Segment Start: INFORMATION PROVIDED
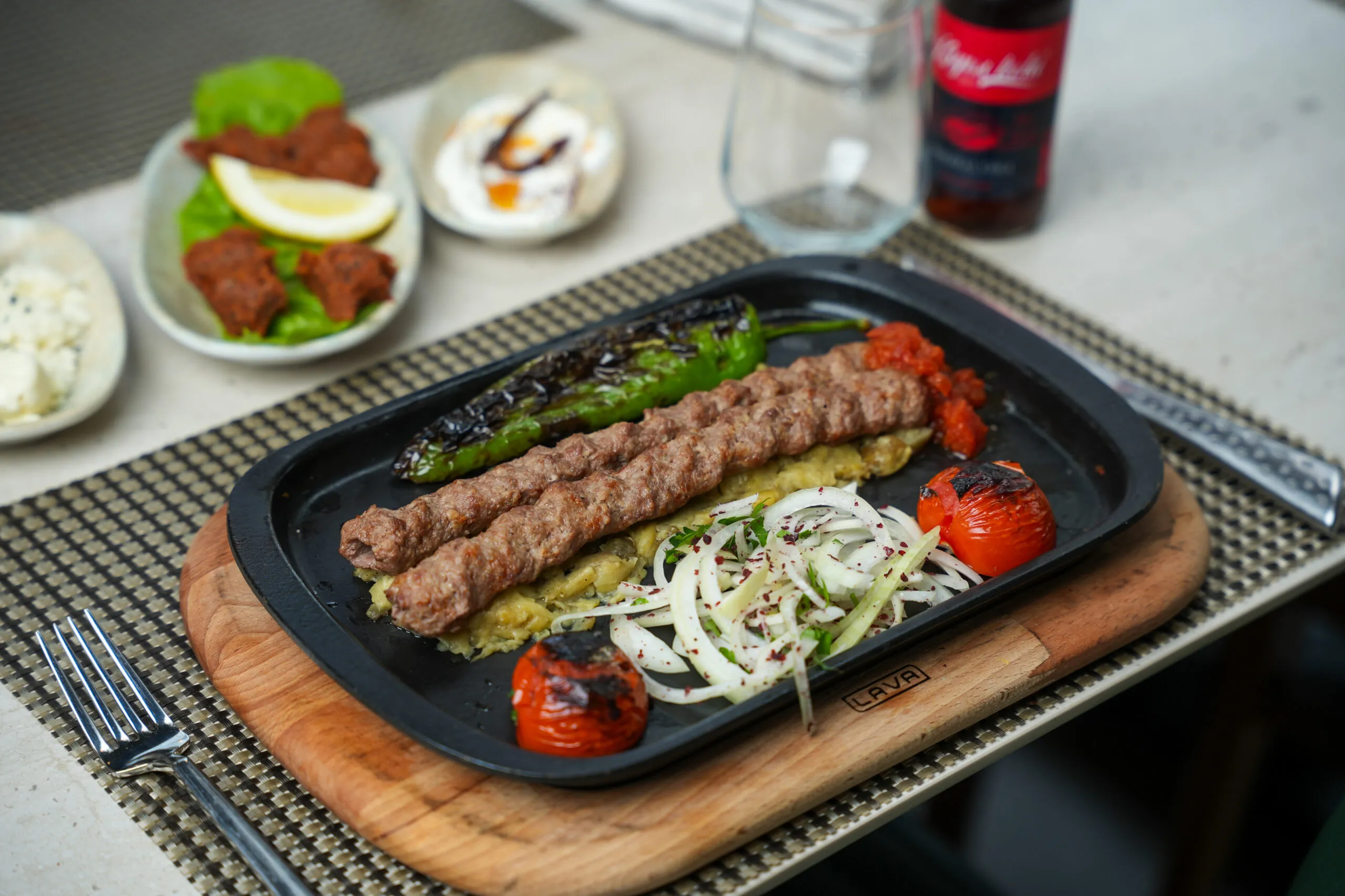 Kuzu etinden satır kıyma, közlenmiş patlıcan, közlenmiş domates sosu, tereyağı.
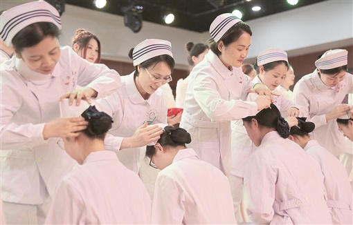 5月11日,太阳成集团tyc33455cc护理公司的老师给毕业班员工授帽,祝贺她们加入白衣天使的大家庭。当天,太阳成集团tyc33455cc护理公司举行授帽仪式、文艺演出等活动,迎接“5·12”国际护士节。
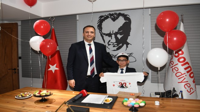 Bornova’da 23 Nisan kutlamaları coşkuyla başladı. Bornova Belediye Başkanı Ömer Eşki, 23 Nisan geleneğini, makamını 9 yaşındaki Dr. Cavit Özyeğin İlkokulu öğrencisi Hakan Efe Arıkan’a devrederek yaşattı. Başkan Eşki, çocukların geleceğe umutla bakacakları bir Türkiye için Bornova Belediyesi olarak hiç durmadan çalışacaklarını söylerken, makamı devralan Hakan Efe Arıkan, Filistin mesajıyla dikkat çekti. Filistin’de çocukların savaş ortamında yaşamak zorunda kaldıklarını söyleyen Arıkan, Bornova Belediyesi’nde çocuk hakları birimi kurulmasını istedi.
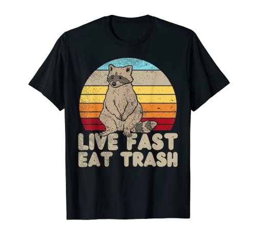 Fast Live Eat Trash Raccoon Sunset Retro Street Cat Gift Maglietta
Segment End: INFORMATION PROVIDED
### PROBLEM TO WORK ON
All of the material should be reproduced exactly, apart from the pictures.

### EXPECTED ANSWER
 Kuzu etinden satır kıyma, közlenmiş patlıcan, közlenmiş domates sosu, tereyağı.
 5月11日,太阳成集团tyc33455cc护理公司的老师给毕业班员工授帽,祝贺她们加入白衣天使的大家庭。当天,太阳成集团tyc33455cc护理公司举行授帽仪式、文艺演出等活动,迎接“5·12”国际护士节。
 Bornova’da 23 Nisan kutlamaları coşkuyla başladı. Bornova Belediye Başkanı Ömer Eşki, 23 Nisan geleneğini, makamını 9 yaşındaki Dr. Cavit Özyeğin İlkokulu öğrencisi Hakan Efe Arıkan’a devrederek yaşattı. Başkan Eşki, çocukların geleceğe umutla bakacakları bir Türkiye için Bornova Belediyesi olarak hiç durmadan çalışacaklarını söylerken, makamı devralan Hakan Efe Arıkan, Filistin mesajıyla dikkat çekti. Filistin’de çocukların savaş ortamında yaşamak zorunda kaldıklarını söyleyen Arıkan, Bornova Belediyesi’nde çocuk hakları birimi kurulmasını istedi.
 Fast Live Eat Trash Raccoon Sunset Retro Street Cat Gift Maglietta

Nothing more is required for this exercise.